- Born: Montreal, Quebec
- Allegiance: Canada
- Branch: Royal Canadian Air Force
- Service years: 1924–1957 (33 years)
- Rank: Air Vice-Marshal

= Arthur Lorne James =

Canadian air force officer (1903–1964)

Air Vice-Marshal Arthur Lorne James CBE (September 1903 – 1964) was a Canadian air force officer who was instrumental in the evolution of the Royal Canadian Air Force during World War II and the early years of the Cold War, leading to its close cooperation with the United States Air Force in the defence of North America.

Born in Montreal in September 1903, James was educated there and attended McGill University, where he graduated with a B.Sc. in civil engineering. He enlisted in the RCAF during its formative year in 1924. He attained the rank of sergeant in the technical branch before being commissioned as a pilot officer in 1926 upon earning his pilot wings. Throughout the rest of the 1920s he was active in many of the RCAF's early missions including forest fire patrols, aerial photography, and test flying. James was sent to London in 1929 for post-graduate studies in Aeronautical Engineering and in 1937 he returned to attend RAF Staff College, Andover.

During the early years of World War II, James commanded several British Commonwealth Air Training Plan (BCATP) schools at various RCAF stations across Canada. In 1943 he was assigned to special duties at Canadian Joint Staff, Washington. On January 1, 1945, he was made a Commander of the Order of the British Empire (CBE) by King George VI. He returned from Washington to Ottawa for a posting at RCAF Headquarters where he was appointed Director of Organization, then Director of Repair, and Air Member for Research and Development. He was promoted to Air Vice-Marshal in October 1945.

In 1945 Air Vice-Marshal James was one of the first senior military officers in Canada to call for the creation of dedicated facility to house the collection of the Canadian War Museum. In January 1947 he was appointed Air Member for Technical Services and in November 1949 he became Air Member for Air Plans and was appointed as Air Member to the Permanent Joint Board on Defence; in these capacities he was instrumental in the development of the CF-100 Canuck. On June 5, 1948, he was made Commander, Legion of Merit (CLM) by the Government of the United States of America.

Air Vice-Marshal James gave the departing word to personnel of No. 426 Squadron RCAF on July 25, 1950, upon their participation in Operation Hawk, the RCAF codeword for the Korean Airlift. On August 1, 1951, he was promoted to Air Officer Commanding, Air Defence Command, RCAF. He was awarded the Queen Elizabeth II Coronation Medal on October 23, 1953, while still AOC, ADC.
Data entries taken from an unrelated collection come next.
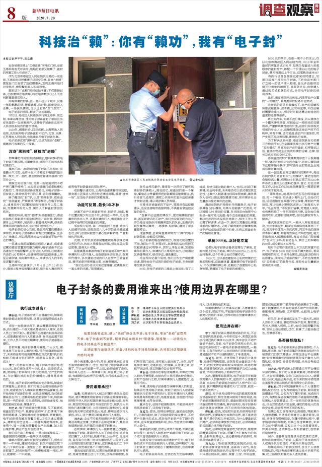 李丁:此前有报道称,电子封条市面价格达5000元。我们法院使用一次的成本,远没有这么高。使用电子封条有利于执行的推进,它产生的成本,与处置的标的物的价值相比,通常是非常低的。
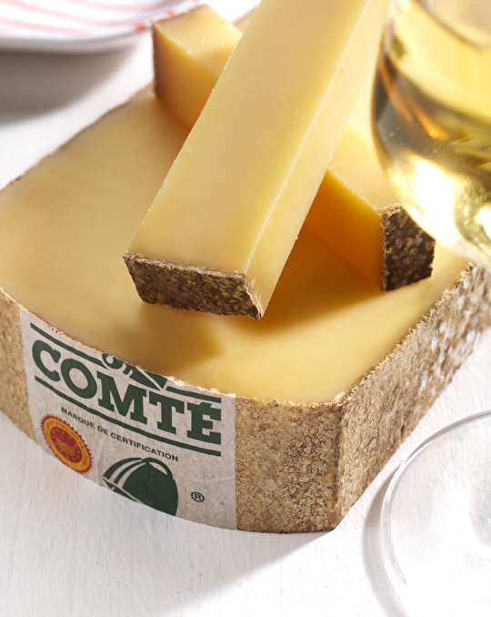 Produit uniquement sur le massif jurassien, le Comté est fabriqué à partir de lait cru de vaches « Montbéliarde » ou « Simmental », exclusivement nourries d'herbe et de foin. Un indispensable des belles tablées qui nécessite 400 litres de lait pour devenir une meule à pâte pressée cuite. C’est le fromage le plus vendu dans le monde avec 45 000 meules par an ! Ces meules d'environ 42 kilos font entre 55 et 75 cm de diamètre.
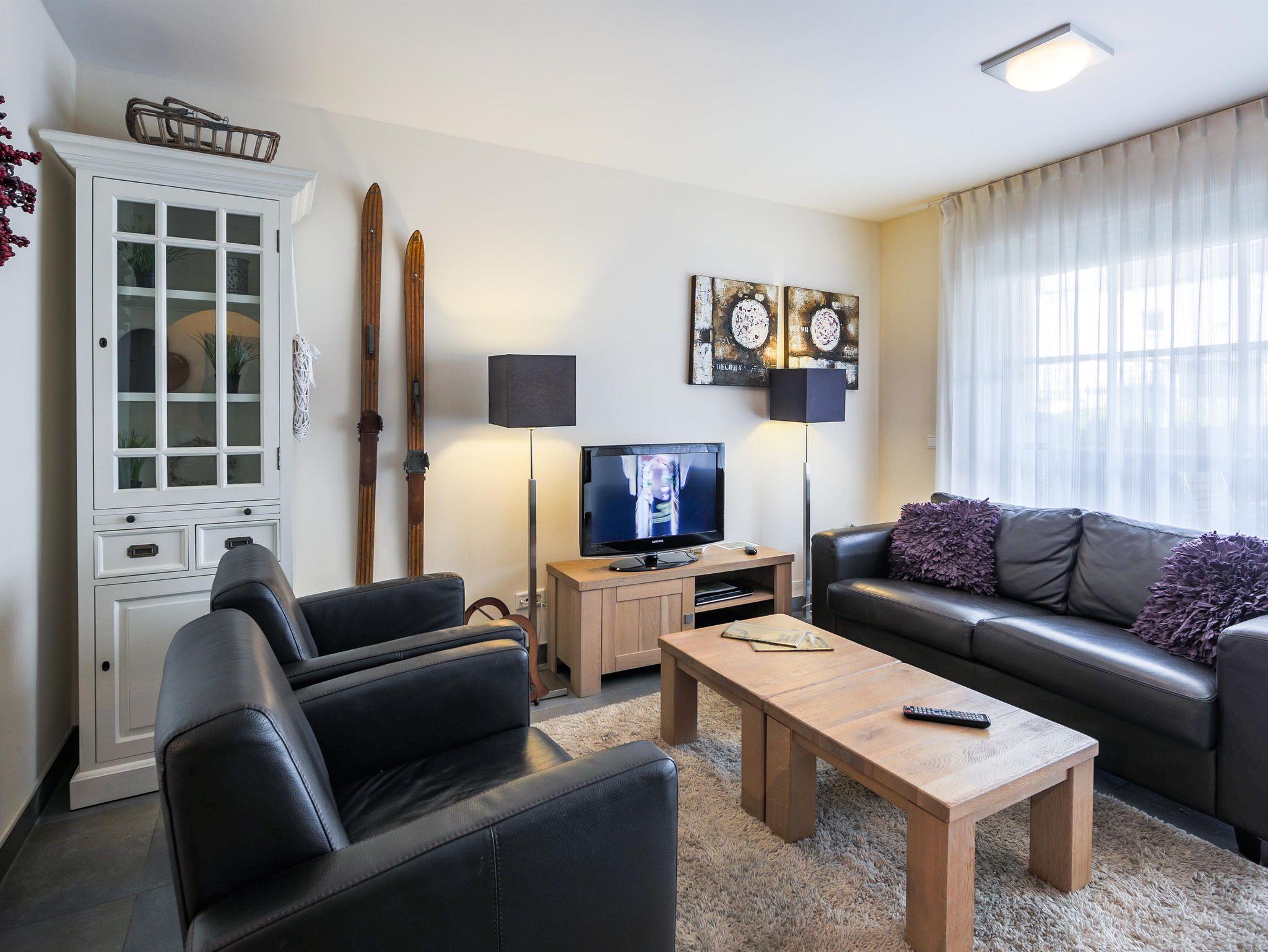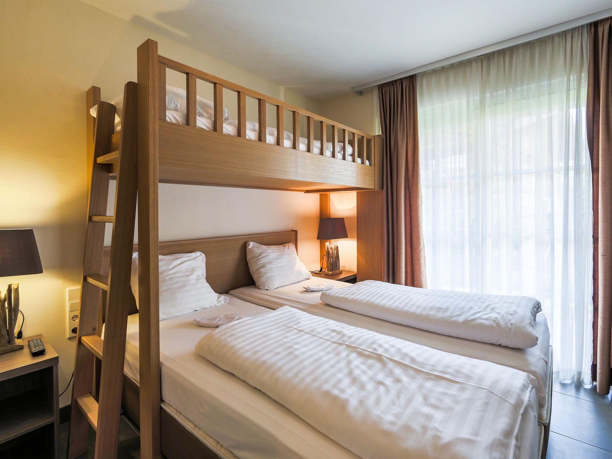 Dieses gemütliche Apartment liegt im Erdgeschoss und besteht aus zwei großen Schlafzimmern mit zwei Badezimmer. Eines der Schlafzimmer ist mit einem Doppelbett sowie einem Etagenbett und einem Badezimmer mit Dusche ausgestattet. Das andere Schlafzimmer beinhaltet ein Doppelbett und ein Badezimmer mit Badewanne und separater Dusche. Der Wohnbereich ist großzügig konzipiert mit einem Esstisch, einer offenen Design-Küche und einem schönen Sitzbereich. Zur großen Terrasse gelangt man direkt vom Wohnzimmer aus.

Air Vice-Marshal James retired in 1957 and became president and general manager of Bristol Aero Engines Limited. The RCAF school for dependent children at RCAF Station St. Margarets was named "James Park School" in his honour. He died in 1964 and in 1966 the post office at RCAF Station St. Margarets was renamed to "Post Office James Park" in his honour as well.

James's citation for the CBE reads as follows:

This officer has rendered untiring and devoted service to the Royal Canadian Air Force over a long period of years. Since the outbreak of war, he has successively filled high executive positions in both Canada and the United States. This officer's display of energy, leadership and integrity, combined with a pleasing personality, has been an inspiration to all those with whom he comes in contact. His diligence, devotion to duty, keenness and conscientiousness in his every effort, and his ability and industry to complete the work in hand, have combined to make him an outstanding officer.

His citation for the Legion of Merit reads as follows:

Air Vice Marshal A.L. James, Royal Canadian Air Force, performed exceptionally meritorious service from November 1942 to December 1943. He served with marked distinction as Senior Air Staff Officer at Canadian Joint Staff Headquarters, Washington. His vital interest in all matters relating to cooperation between the United States Armed Forces and the Royal Canadian Air Force gained for him the highest regard of those with whom he so selflessly served. Air Vice Marshal James not only served on many highly important committees, but his pleasing but forceful personality contributed greatly to the fostering of goodwill and the interchange of intelligence which was of mutual value to both countries in the successful prosecution of the war.